61 Path-expression Queries over Multiversion XML Documents
Zografoula Vagena, and Vassilis J. Tsotras
There has been considerable research recently involving the processing of path-expression queries on XML documents. Typically, such queries are implemented as path (holistic) joins, using a numbering scheme that maintains the structural relationships among the elements of an XML document. Nevertheless, existing numbering schemes are not easily updatable, an issue that appears in the case of a dynamically evolving document. In this paper we address path-expression queries in a multiversion XML document. This is a novel problem; previous work has considered the storage and manipulation of multiversion XML documents,focusing on the compact representation of the XML archive as well as the fast reconstruction of a particular document version. We extend state of the art pattern matching techniques for static documents so as to suport updates. We first present an easily updatable numbering scheme that efficiently captures identifies structural relationships. We then propose a variation of Pathstack, an optimal pattern matching algorithm, addressing the characteristics of our environment. Finally, through a thorough experimental evaluation we investigate two storage techniques in terms of space utilization and query efficiency.
64 Efficient Dissemination of Aggregate Data over the Wireless Web
Mohamed Sharaf, Yannis Sismanis, Alexandros Labrinidis, Panos Chrysanthis, and Nick Roussopoulos
The proliferation of wireless technologies along with the large volume of data available online are forcing us to rethink existing data dissemination techniques for data over the Web, and in particular for aggregate data. In addition to scalability and response time, data delivery to mobile clients with wireless Web connectivity must also consider energy consumption. In this work, we present a hybrid scheduling algorithm (h-ESBS) for broadcast-based data delivery of aggregate data over the wireless Web. Our algorithm efficiently "packs" aggregate data for broadcast delivery and utilizes view subsumption at the mobile client, which allow for faster response times and lower energy consumption.

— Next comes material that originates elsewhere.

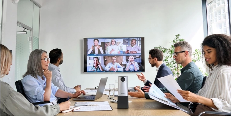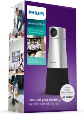 Philips SmartMeeting is een complete oplossing voor HD audio- en videoconferencing met Sembly Meeting Assistant, die zorgt voor automatische notulen, transcripties en actiepunten. De 4K-camera met stemtracking en flexibele pan/tilt/zoom legt elke deelnemer haarscherp vast, terwijl de 360° microfoon met vier microfoonarrays spraak registreert tot op 6 meter.

65 Building Data Integration Systems: A Mass Collaboration Approach
Robert McCann, AnHai Doan, Vanitha Varadaran, Alex Kramnik, and Chengxiang Zhai
Building data integration systems today is largely done by hand, in a very labor intensive and error prone process. In this paper, we describe a conceptually new solution to this problem: that of mass collaboration. The basic idea is to think about a data integration system as having a finite set of parameters whose values must be set. To build such a system, the system administrators can construct and deploy a system ``shell'', then ask the users to help the system ``automatically converge'' to the correct parameter values. This way, the enourmous burden of system developments is lifted from the administrators and spread ``thinly'' over a multitude of users. We discuss the challenges to this approach and propose solutions. Next, we describe our current effort in applying this approach to the problem of schema matching in the context of data integration. Finally, we describe experimental results that show the promise of the approach.
73 The Query Set Specification Language (QSSL)
Michalis Petropoulos, Alin Deutsch, and Yannis Papakonstantinou
Applications require access to multiple information sources and the data of other applications. WSDL-based web services are becoming a popular way of making information sources available on the web and, hence, to applications that need to consume them – often via data integration systems. We argue that the function signature paradigm that is used today by web services cannot capture the query capabilities provided by structurally rich and functionally powerful information sources. We propose the Query Set Specification Language (QSSL) that allows the concise description of sets of parameterized queries, and describe the goals, the usage scenarios and the requirements for such a language. A QSSL specification is embedded in a WSDL specification to form a specialized type of web services, called Data Services. Data Services connect the calls that the source accepts with the underlying schema, providing a set of opportunities and corresponding challenges that we outline.